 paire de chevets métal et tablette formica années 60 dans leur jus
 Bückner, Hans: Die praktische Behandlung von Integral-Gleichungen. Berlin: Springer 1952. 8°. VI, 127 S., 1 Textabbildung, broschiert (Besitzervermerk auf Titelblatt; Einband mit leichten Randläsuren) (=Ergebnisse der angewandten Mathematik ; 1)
--
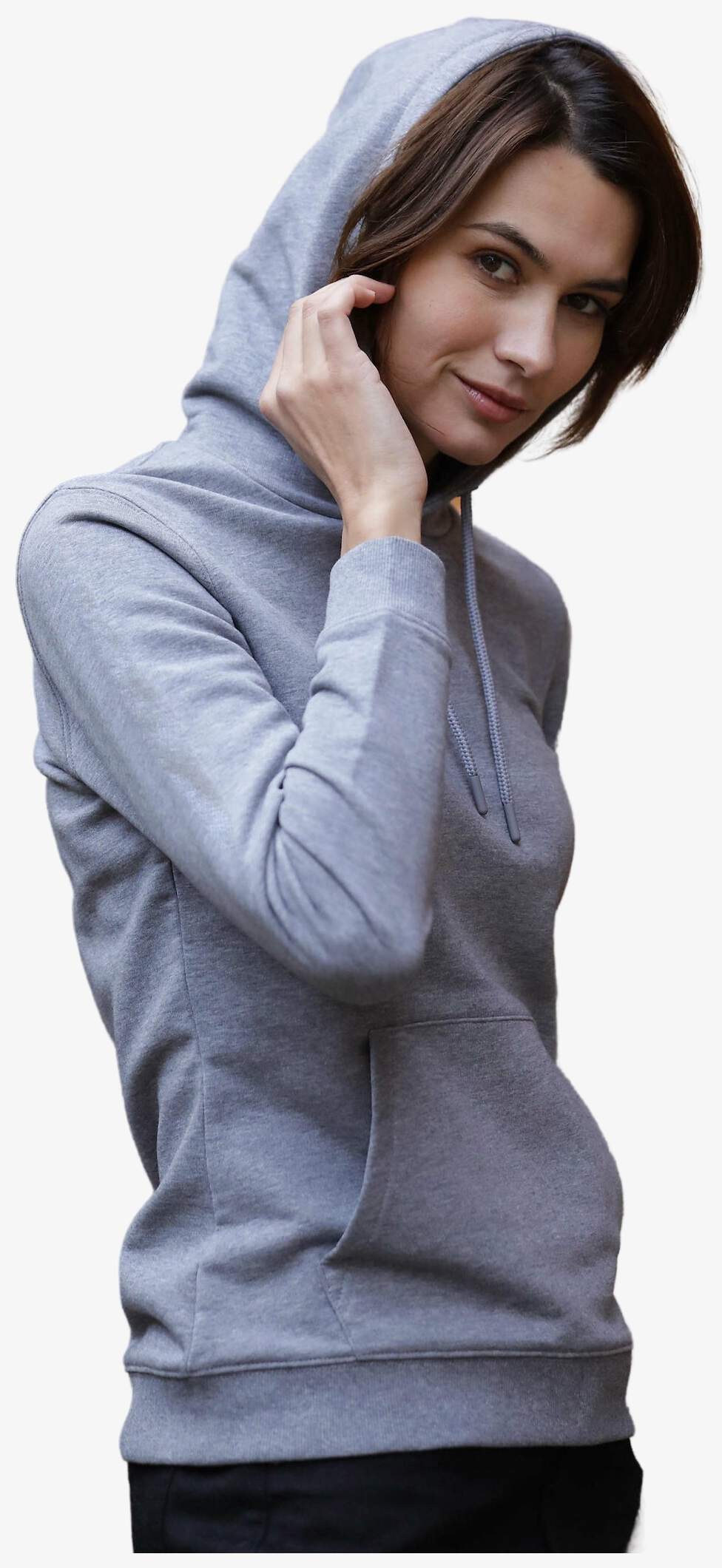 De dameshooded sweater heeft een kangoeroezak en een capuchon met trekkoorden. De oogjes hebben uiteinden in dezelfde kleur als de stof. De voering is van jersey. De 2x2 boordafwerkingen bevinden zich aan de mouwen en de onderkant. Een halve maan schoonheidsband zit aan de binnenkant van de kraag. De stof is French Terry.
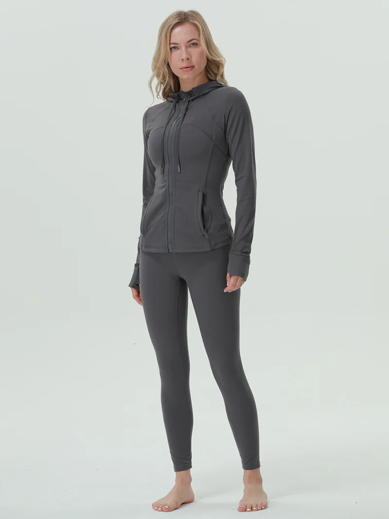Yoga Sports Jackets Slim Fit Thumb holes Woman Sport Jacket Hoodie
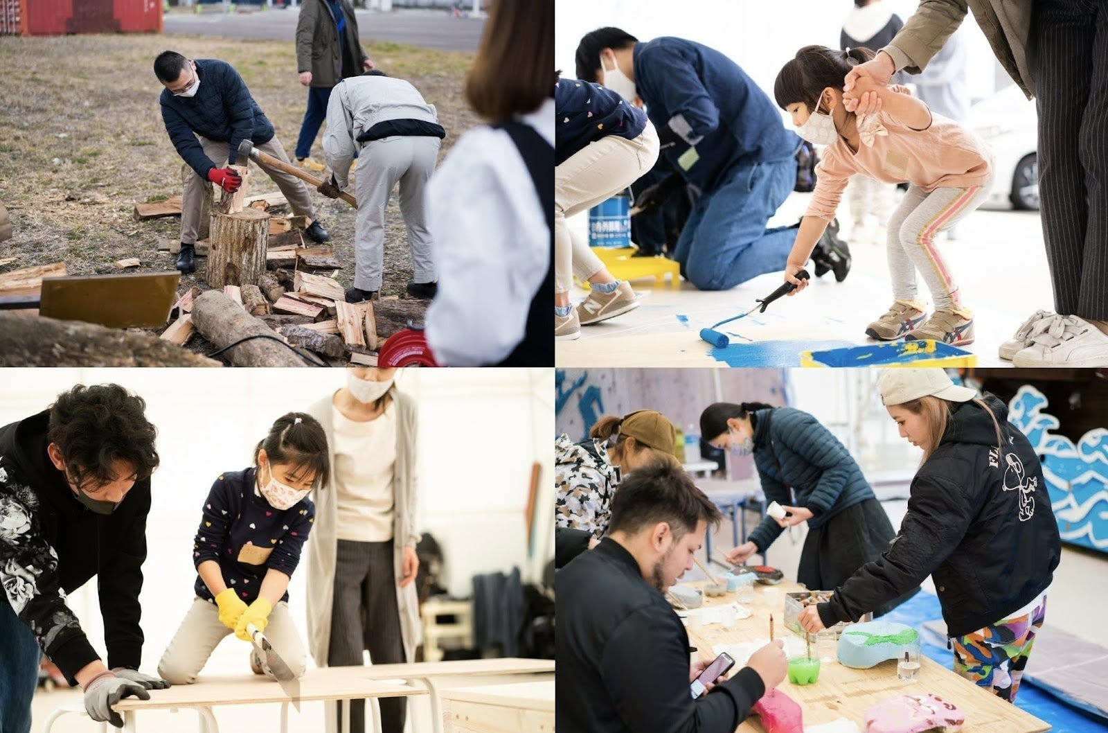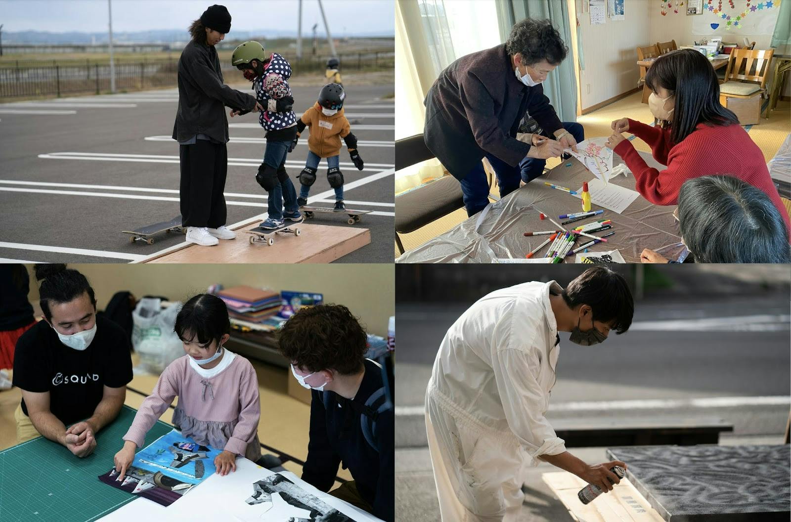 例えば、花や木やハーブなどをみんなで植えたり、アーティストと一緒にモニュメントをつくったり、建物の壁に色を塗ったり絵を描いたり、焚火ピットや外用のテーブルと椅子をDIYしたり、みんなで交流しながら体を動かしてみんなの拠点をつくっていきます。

**Work required:** Please make an exact copy of the lines above from the line with "paire de chevets" through the line with "Bückner, Hans: Die", both ends included.

**Your response:**
 paire de chevets métal et tablette formica années 60 dans leur jus
 Bückner, Hans: Die praktische Behandlung von Integral-Gleichungen. Berlin: Springer 1952. 8°. VI, 127 S., 1 Textabbildung, broschiert (Besitzervermerk auf Titelblatt; Einband mit leichten Randläsuren) (=Ergebnisse der angewandten Mathematik ; 1)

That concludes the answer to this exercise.